PROVIDED DATA:
********

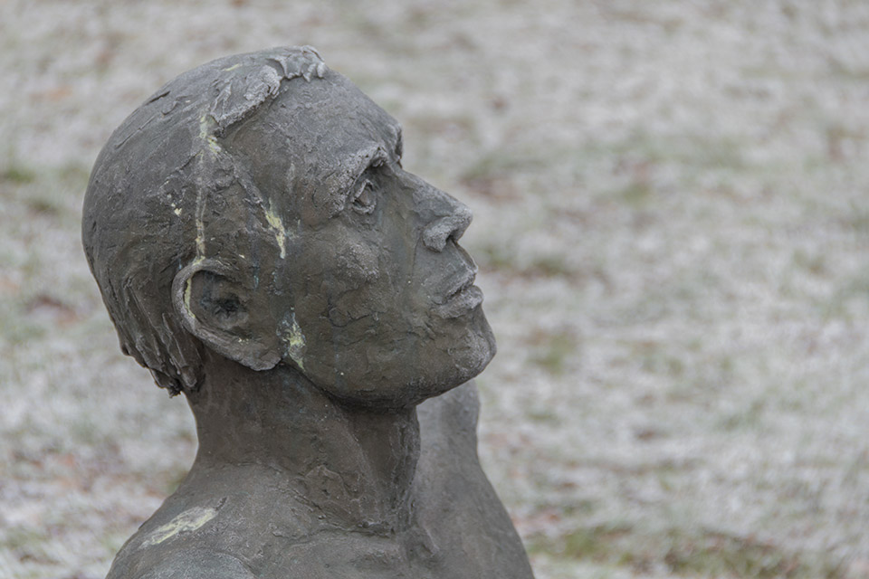 Titeln Mannen och trädet kanske väcker frågor hos någon. Figuren på sockeln ett par meter upp i luften ser ju ut att vara en abstrakt tolkning av mannen på gräsmattan snarare än ett träd. Är det sig själv han betraktar?
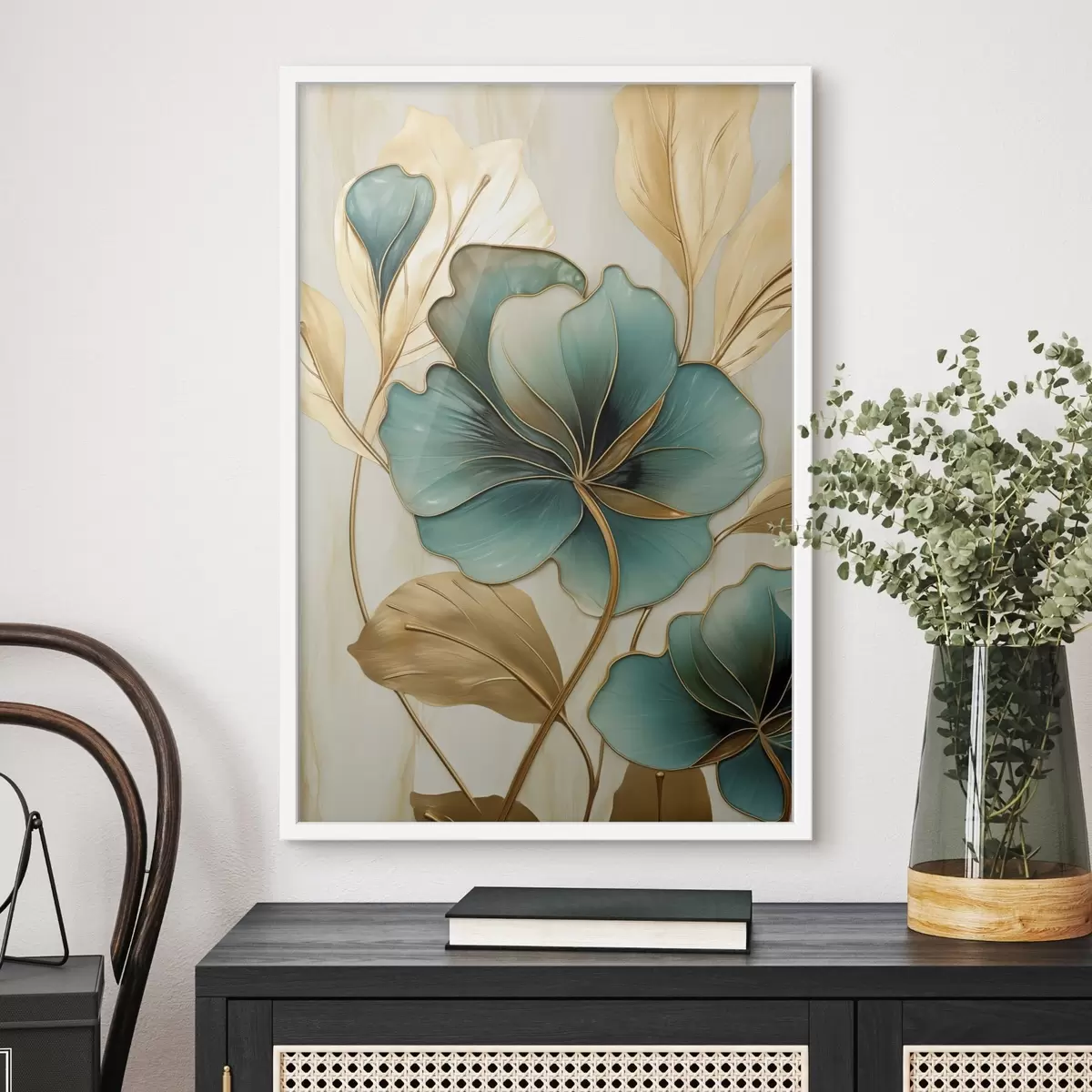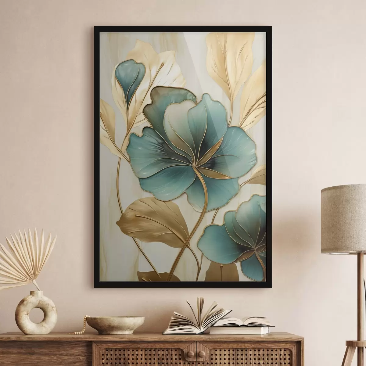 Poster Grote blauwgroene en gele bloemen met contouren, omgeven door gele bladeren tegen een abstracte achtergrond N° f47419
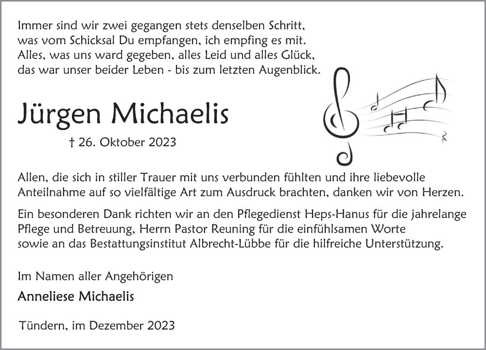 Hier finden Sie alle Traueranzeigen aus der Zeitung, die bisher für Jürgen Michaelis erschienen sind. Weitere Traueranzeigen, die in der Zeitung erscheinen, werden hier ebenfalls aufgelistet

********

From the line with "Poster Grote blauwgroene" to the last line above, restate each line word for word, but skip the pictures.

 Poster Grote blauwgroene en gele bloemen met contouren, omgeven door gele bladeren tegen een abstracte achtergrond N° f47419
 Hier finden Sie alle Traueranzeigen aus der Zeitung, die bisher für Jürgen Michaelis erschienen sind. Weitere Traueranzeigen, die in der Zeitung erscheinen, werden hier ebenfalls aufgelistet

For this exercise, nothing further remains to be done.